# Kitchen Island Lighting Dilemma



## Skater Boy (Oct 8, 2018)

Hi! This is my first post. I kind of got myself into a home decorating quandry.

I live in a loft. I have been working on making a new larger kitchen island.My favorite lighting fixture is now too small and I want to keep it over the island;it is of sentimental value and there is no where else for it.

I have a modern look;the light is called Sputnik and has a wonderful story of how I got it .
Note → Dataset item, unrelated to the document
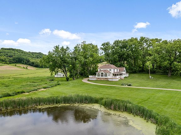 You can't find a more peaceful country setting than this property. 10 acres nestled in the valley with the most green rolling bluffs of Buffalo Cty. 5 bedrooms, 2 baths, 2 car attached garage & newer built 34x27 garage/shed/storage. Main floor office makes it ideal for remote work. This home boasts abundant natural light and a 24x12 sunroom with a pond view & Marvin windows. Eat in kitchen with plenty of cabinet space, mudroom/laundry/pantry, peninsula with storage & 2BRs on main level. 2 decks wrap around the home. Both have sunroom access plus patio area to enjoy the tranquility of the country. Upper level has been completely remodeled w/gleaming hardwood floors, new windows, spacious bonus room w/cozy fireplace & a flex area for crafts/play area to the right of the staircase. You'll love the view from EVERY room in the house. LL has built in storage & a finished get-away room! Conveniently located - 13mi to Mondovi, 18 mi to Alma, 20 mi to Durand & 30 mi to Eau Claire.

I have figured out two options.
,
Move the current light over the middle of the new island and purchase two pendants - one for each side in matching chrome - something simple and dynamic. Perhaps a chrome cylinder or cone


The other option is to make an art installation out of it. Purchase two more lighting fixture from the same Sputnik family but with a slightly different look though in the same family and in contrasting size - hung at three different heights


Suggestions???


----------



## Wiredindallas (Nov 9, 2018)

I like your idea of similar fixtures hung different heights to keep it from looking like they were supposed to be the same. Perhaps the 2 new fixtures the same, simpler, and hung lower at the same height on each side.


----------



## Two Knots (Nov 12, 2011)

Can you post a pic of the light and the area? 
It’s hard to give decorating and lighting advice
without seeing what you already have and want
to keep.


----------